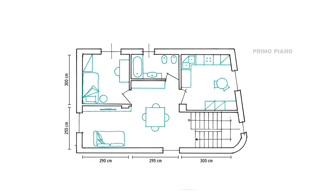Quando si sceglie una villetta su più piani in realtà si abita in tanti bilocali: perciò le idee tratte da un progetto come questo sono versatili e facili da copiare. I proprietari (una famiglia con due bambini) hanno comprato questa casa che aveva solo i muri esterni: la suddivisione degli interni proposta dal costruttore non piaceva, così con l’aiuto dell’architetto Filatrella hanno rivisto gli spazi.
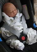 Так называемый "реборн" (кукла-копия новорожденного, сделанная из мягкого силикона) был смоделирован на основе фотографий, сделанных журналистами во время выписки Кейт Миддлтон из роддома в прошлом году.
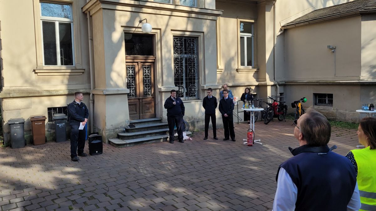 Dritte Station auf der Radeltour war die gemeinsame Gerätehalle der „Löschgruppe 2 / Jugendfeuerwehr“ in der Rotensteinstraße am Münchner Ring. Begrüßt wurden die Besucher durch den Stadtbrandinspektor Ewald Pfänder, sowie die beiden stellvertretenden Löschgruppenführer Martina Moyano, erste weibliche Führungskraft in Bamberg, und Thomas Schippert. An dieser Stelle zeigte eine Abordnung der Jugendgruppe in Gruppenstärke (bei der Feuerwehr „1/8“, sprich 9 Personen) eine eindrucksvolle Showübung mit Löschangriff im Freien und damit einen Auszug ihres Könnens. Anhand ihres Tragkraftspritzenanhängers wurde der Wasseraufbau für den Löschangriff abgearbeitet. Anschließend konnte das Gerätehaus noch durch die Teilnehmerinnen und Teilnehmer besichtigt werden. Dieses Gebäude ist das zweitneueste Feuerwehrgerätehaus und stellt den heutigen zeitgemäßen modernen Stand einer städtischen Feuerwehr dar.
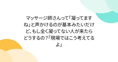 マッサージ師さんって「凝ってますね」と声かけるのが基本みたいだけど、もし全く凝ってない人が来たらどうするの?「現場ではこう考えてるよ」
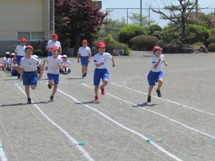 中にいると空気がひんやりしていますが、外に出た途端結構な暑さです。その中でも5.6年生は一生懸命走りました。50m走の計測です。さて、去年の記録よりもよい記録が出たでしょうか?
☆ ☆ ☆
# [WORK INSTRUCTIONS]
Produce a word-for-word version of the material, with no pictures included.

# [YOUR SOLUTION]
Quando si sceglie una villetta su più piani in realtà si abita in tanti bilocali: perciò le idee tratte da un progetto come questo sono versatili e facili da copiare. I proprietari (una famiglia con due bambini) hanno comprato questa casa che aveva solo i muri esterni: la suddivisione degli interni proposta dal costruttore non piaceva, così con l’aiuto dell’architetto Filatrella hanno rivisto gli spazi.
 Так называемый "реборн" (кукла-копия новорожденного, сделанная из мягкого силикона) был смоделирован на основе фотографий, сделанных журналистами во время выписки Кейт Миддлтон из роддома в прошлом году.
 Dritte Station auf der Radeltour war die gemeinsame Gerätehalle der „Löschgruppe 2 / Jugendfeuerwehr“ in der Rotensteinstraße am Münchner Ring. Begrüßt wurden die Besucher durch den Stadtbrandinspektor Ewald Pfänder, sowie die beiden stellvertretenden Löschgruppenführer Martina Moyano, erste weibliche Führungskraft in Bamberg, und Thomas Schippert. An dieser Stelle zeigte eine Abordnung der Jugendgruppe in Gruppenstärke (bei der Feuerwehr „1/8“, sprich 9 Personen) eine eindrucksvolle Showübung mit Löschangriff im Freien und damit einen Auszug ihres Könnens. Anhand ihres Tragkraftspritzenanhängers wurde der Wasseraufbau für den Löschangriff abgearbeitet. Anschließend konnte das Gerätehaus noch durch die Teilnehmerinnen und Teilnehmer besichtigt werden. Dieses Gebäude ist das zweitneueste Feuerwehrgerätehaus und stellt den heutigen zeitgemäßen modernen Stand einer städtischen Feuerwehr dar.
 マッサージ師さんって「凝ってますね」と声かけるのが基本みたいだけど、もし全く凝ってない人が来たらどうするの?「現場ではこう考えてるよ」
 中にいると空気がひんやりしていますが、外に出た途端結構な暑さです。その中でも5.6年生は一生懸命走りました。50m走の計測です。さて、去年の記録よりもよい記録が出たでしょうか?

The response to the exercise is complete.